7 Falsafah K.H. Ahmad Dahlan
PENDAHULUAN
Latar Belakang Masalah
Muhammadiyah merupakan organisasi Islam terbesar di Indonesia, bahkan di dunia. Besarnya jumlah forum pendidikan merupakan bukti konkrit tugas penting Muhammadiyah dalam proses pemberdayaan umat islam dan pencerdasan bangsa. Diskusi perihal pendidikan Muhammadiyah sebagai salah satu pembaharuan pendidikan islam di Indonesia tidak sanggup dilepaskan dari pemikiran para pendirinya. Salah satu tokoh pendidikan Muhammadiyah yang paling menonjol yaitu KH. Ahmad Dahlan.
Semua ibadah diharamkan kecuali yang ada perintahnya dari Nabi Muhammad”, itulah aliran utama dari K.H.Ahmad Dahlan. Ajaran ini terus dipegang oleh anggota Muhammadiyah hingga sekarang. Ini juga reformasi yang dilakukan oleh K.H. Ahmad Dahlan terhadap aliran agama yang berlangsung ketika itu di Jawa. Dahlan juga mereformasi sistem pendidikan pesantren yang menurutnya tidak terang jenjangnya dan tidak efektif metodenya sebab mengutamakan menghafal serta tidak merespons ilmu pengetahuan umum, Dahlan juga memurnikan agama Islam dari percampurannya dengan agama Hindu, Budha, animisme, dinamisme, dan kejawen.
Rumusan Masalah
Adapun masalah-masalah yang akan kami bahas dalam makalah ini yaitu :
1. Bagaimana Riwayat Hidup K.H. Ahmad Dahlan?
2. Apakah tujuan pendidikan K.H. Ahmad Dahlan?

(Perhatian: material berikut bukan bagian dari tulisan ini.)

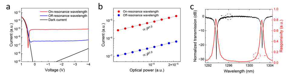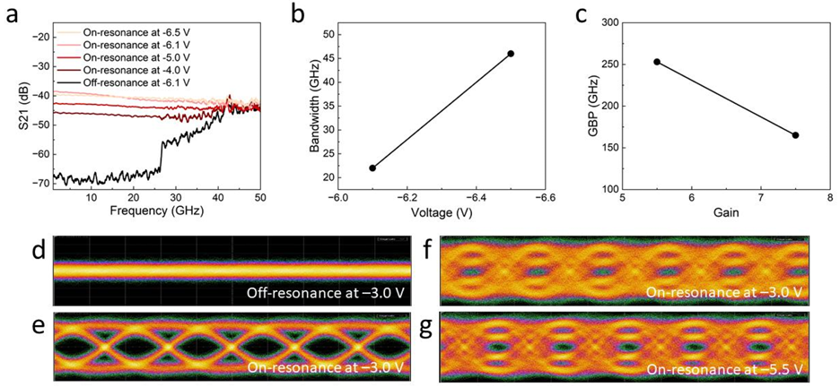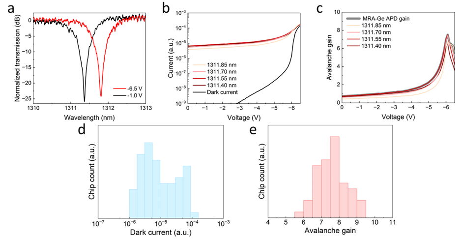 性能方面,在 - 1.0 V 偏置下,MRA-Ge APD器件在谐振波长处的响应度达 0.82 A/W,非谐振波长处响应度降低一个数量级,串扰约 10 dB;在低至 - 6.1 V 的偏置电压下实现 7.5 倍的雪崩增益,且在 300mm 晶圆上展现出良好的暗电流与雪崩增益均匀性。其光电带宽在 - 6.1 V 时为 22 GHz,-6.5 V 时提升至 46 GHz,增益带宽积(GBP)分别达 165 GHz 与 253 GHz,为低电压、高灵敏度的高速光探测提供了潜在解决方案。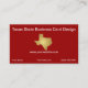 State of Texas Business Card Template. Colours of red and Metallic Gold Texas State Business Card. Customise your font, card colour, state of Texas size and more online to create your personalised Texas Business Card. Create a plain card or customise your message and information.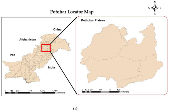 22]. The topography of the area shows local depressions, valleys, and ridges. Potohar stretches from latitude 32.166 to 34.150 N and longitude 71.166 to 73.916 E; it covers an area of approximately 23,000 km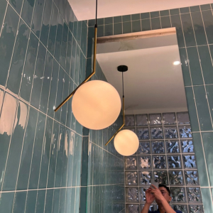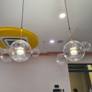 - Đèn 1 bóng chỉ phù hợp bàn tròn nhỏ 2 – 4 người hoặc quầy bar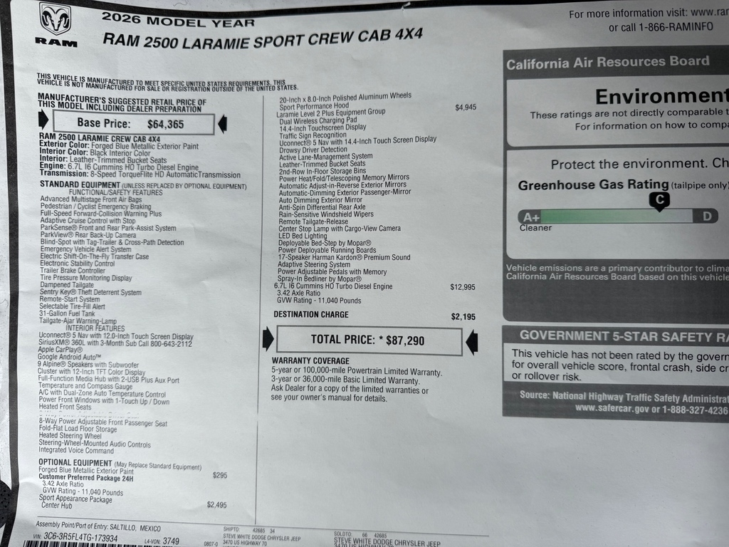 2026 Ram 2500 Laramie Crew CUMMINS 4WD SWB 6.7 L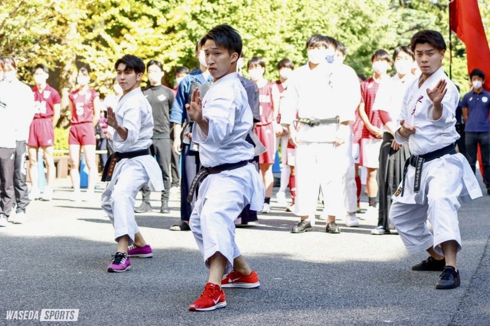 時刻が12時30分にさしかかるころ、ステージでは応援部による応援曲メドレーが行われた。齋藤巽代表委員主将(教4=青森)をはじめリーダー4年生が続々とセンターリーダーを務め、『大進撃』『スパークリングマーチ』『コンバットマーチ』など早稲田を代表する応援曲を披露していく。センターリーダーの背後でリーダー下級生が拍手、吹奏楽団が生演奏、チアリーダーズがダンスで盛り上げると、司会のホワンが観衆へ手拍子を促し、会場が一体となってメドレーが完成された。応援曲メドレーが終了すると、空手部、少林寺拳法部によるスペシャルパフォーマンスを実施。最初に空手部の熊谷拓也(スポ2=東京・世田谷学園)、吉田蒼一郎(スポ2=東京・世田谷学園)、岩渕凌(スポ1=茨城・水城)がそろって型を披露する。風を切るような俊敏な動きに観客も息をのんで見守った。空手部が出番を終えると、少林寺拳法部の籾美吹主将(社4=大阪産業大付)と門田憲樹(商2=広島城北)が組演武を披露。投げ技が繰り出されるたび、観客から思わず驚嘆の声が飛び出す。両部ともに圧巻の演技を終えると、称賛の拍手が沸き起こった。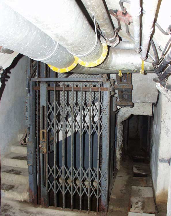COL DES GARDES (111 men) a petit ouverage on the left hand side (going north) of the D22. Block 1 is right by the road but there was no access at this point so we walked to Block 2 the other side of a low hill. This is not a fighting block and consists of little more than a door with one machine gun embrasure covering it. The footbridge over the fosse was missing but we were able to retrieve it from the pit and get across to the open door. A short stairway brought us into a long corridor, at the bottom of the stairs there was a bank of carbon filters that would have been used in the event of a gas attack. At the end of the corridor is a 'T' junction with the main corridor to the fighting blocks, Blocks 3 & 4 to the right and Block 1 to the left. In most Ouvrages the blocks are reached by stairs, often several hundred of them, but at Col des Gardes they were accessed by ladder. Some of our members ascended the ladders but the blocks had been stripped of their light arms and were empty. There are several empty rooms accessed from the main corridor including a number of toilet cubicles, dormitory (caserne) and the generator room (usine). The small single diesel generator is still in place and in good condition.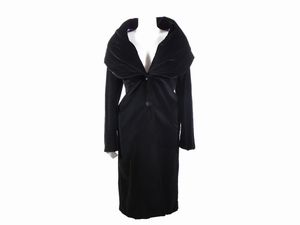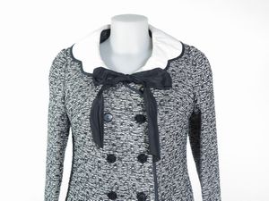 tg 44 Anni Sessanta modello svasato, ornato da inserto in passamaneria nera, chiusura monopetto, lievi difett [..]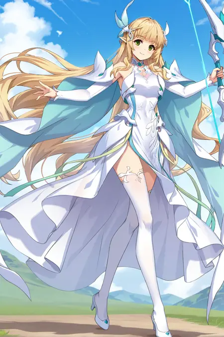 green eyes, blonde hair, pointy ears, sidelocks, very long hair, hair ornament, bare shoulders, white dress, shoulder cape, long sleeves, white thighhigh, waist cape, white high heels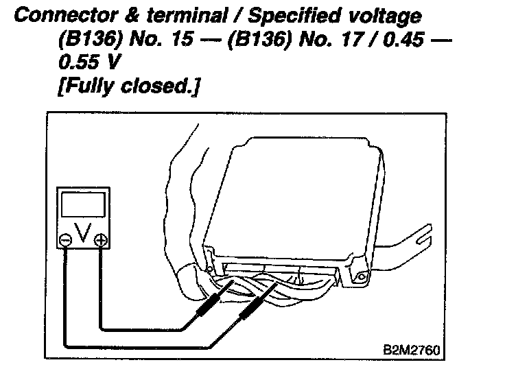 3. Adjust throttle position sensor to the proper position to allow the voltage signal to ECM to be in specification.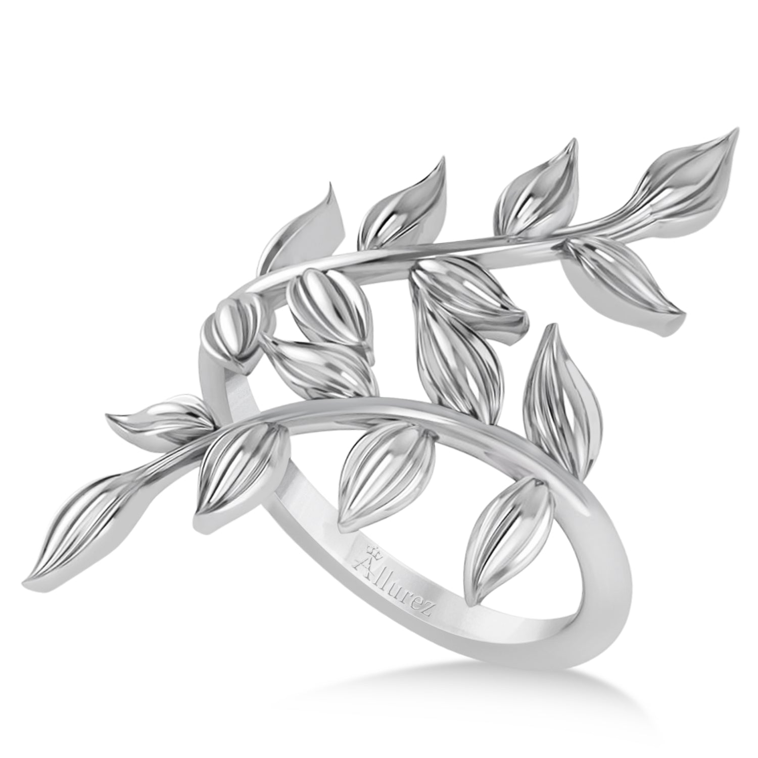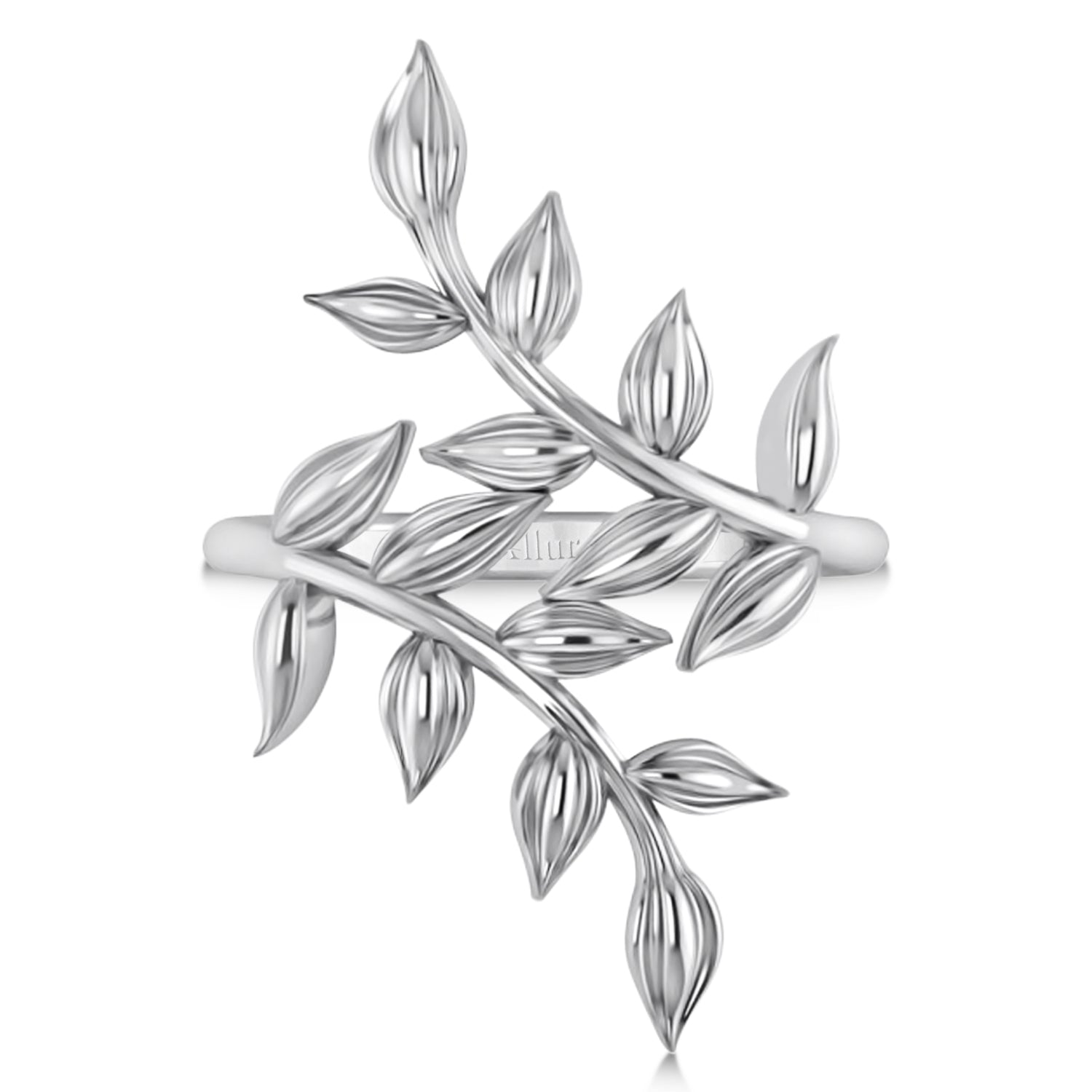 Olive Leaf Vine Plain Metal Fashion Ring 14k White Gold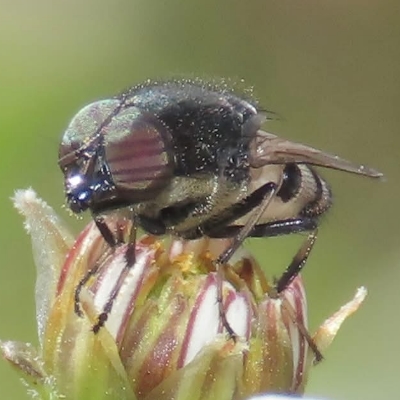 ![]() 上面照片:張儷蓁拍攝 寄生蠅科 〉Aplomya 屬 〉裸短尾寄蠅(Aplomya metallica) (原生種;台灣物種名錄僅有學名,尚無中文名) |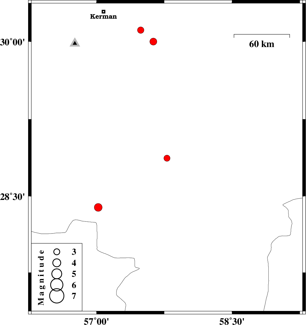 | 2020/05/07 | 21:56:16.7 | 02:26:16.7 | 30.11 | 57.49 | 10 | ML:3.2 | Kerman Province, 44 km South-East of Kerman |

3. Apa saja yang menjadi aliran K.H. Ahmad Dahlan?
4. Apa saja pokok wejangan K.H. Ahmad Dahlan?
PEMBAHASAN
A. Riwayat Hidup K.H. Ahmad Dahlan
Ahmad Dahlan dilahirkan di tempat Kauman kota Yogyakarta dengan nama Muhammad Darwis pada tahun 1869, sumber lain menyampaikan tahun 1868. Memang kelahiran Ahmad Dahlan agak gelap tanggal pastinyapun tidak terlacak. Okelah kita tidak mempermasalahkan kelahirannya melainkan karyanya. Organisasi yang dia dirikan yaitu Muhammadiyah kini menjadi maju dan menjadi organisasi massa Islam terbesar di Indonesia bahkan di dunia dari segi anggotanya. Ahmad Dahlan yaitu anak seorang kyai tradisional yaitu K.H. Abu Bakar bin Kyai Sulaiman, seorang khatib di Masjid Sultan di kota itu. Ibunya Siti Aminah yaitu anak Haji Ibrahim, seorang penghulu. Ahmad Dahlan yaitu anak keempat dari tujuh bersaudara.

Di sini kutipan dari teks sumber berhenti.